Recent reports documenting limited evidence supporting the use of pharmacological interventions for neuropsychiatric symptoms (NPS) and increased risk of death, the black box warnings against the use of atypical antipsychotic drugs in older adults, and Omnibus Budget Reconciliation Act regulations suggest the need to evaluate the usefulness of nonpharmacological interventions in the management of NPS of dementia.
To determine the evidence base of nonpharmacological interventions for the management of NPS in patients with dementia, we reviewed MEDLINE, PsycINFO, the Cochrane library, and relevant bibliographies published from January 1966 to December 2005, using the American Psychological Association Guidelines.

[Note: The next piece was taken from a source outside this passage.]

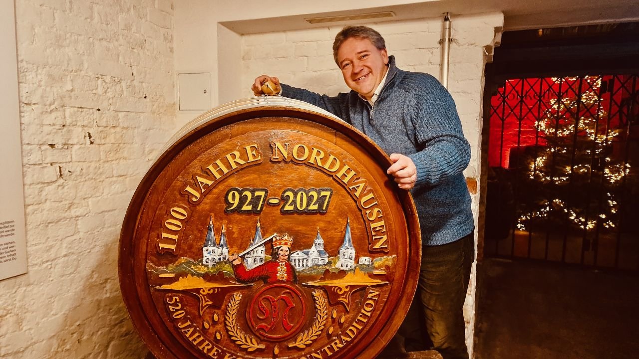 Die Echte Nordhäuser Traditionsbrennerei feiert im kommenden Jahr zwei mal Jubiläum und auch für 2027 hat Museumsleiter Thomas Müller schon vorsorgen lassen (Foto: agl)
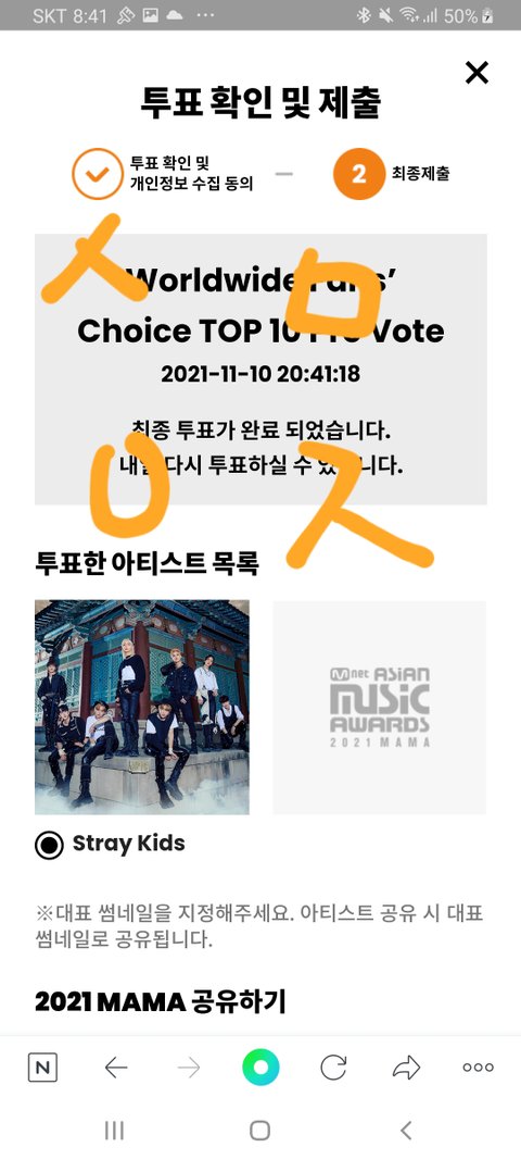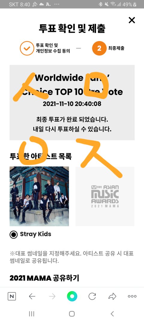 늦은 7번째 mama 투표인증

Three randomized controlled trials (RCTs) and 6 single-case designs (SCDs; N of 1 trials) met inclusion criteria. Under unmet needs interventions, 1 SCD found a moderate reduction in problem behaviors. Under behavioral interventions, based on observational data, all 4 SCDs reported a relative reduction of 50% to 100% in neuropsychiatric symptoms. Under caregiving interventions, there were 3 RCTs. At the 6-month follow-up, 1 RCT found a reduction in 4 neuropsychiatric symptom subscales: ideation disturbance score (0.3 vs 0.5; range, 0-8; P = .005); irritability score (18.8 vs 23.0; range, 8-38; P = .008); verbal agitation, as measured by mean frequency of 20-minute outbursts (0.5 vs 0.8; P = .005); and physical aggression score (11.4 vs 12.9; range, 6-42; P<.001). Another RCT found a significant improvement in frequency (2.3 vs 3.1; range, 0-4; P<.001) and severity (2.2 vs 2.8; range, 0-4; P<.001) of target behaviors associated with the intervention arm. The third RCT found no effect. Under bright light therapy, 1 SCD found short-term improvements on the Agitated Behavior Rating Scale (9.7 vs 19.9; P<.001).
The cumulative research to date on the impact of nonpharmacologic interventions for NPS among patients with dementia indicates that interventions that address behavioral issues and unmet needs and that include caregivers or bright light therapy may be efficacious. More high-quality research is necessary to confirm these findings.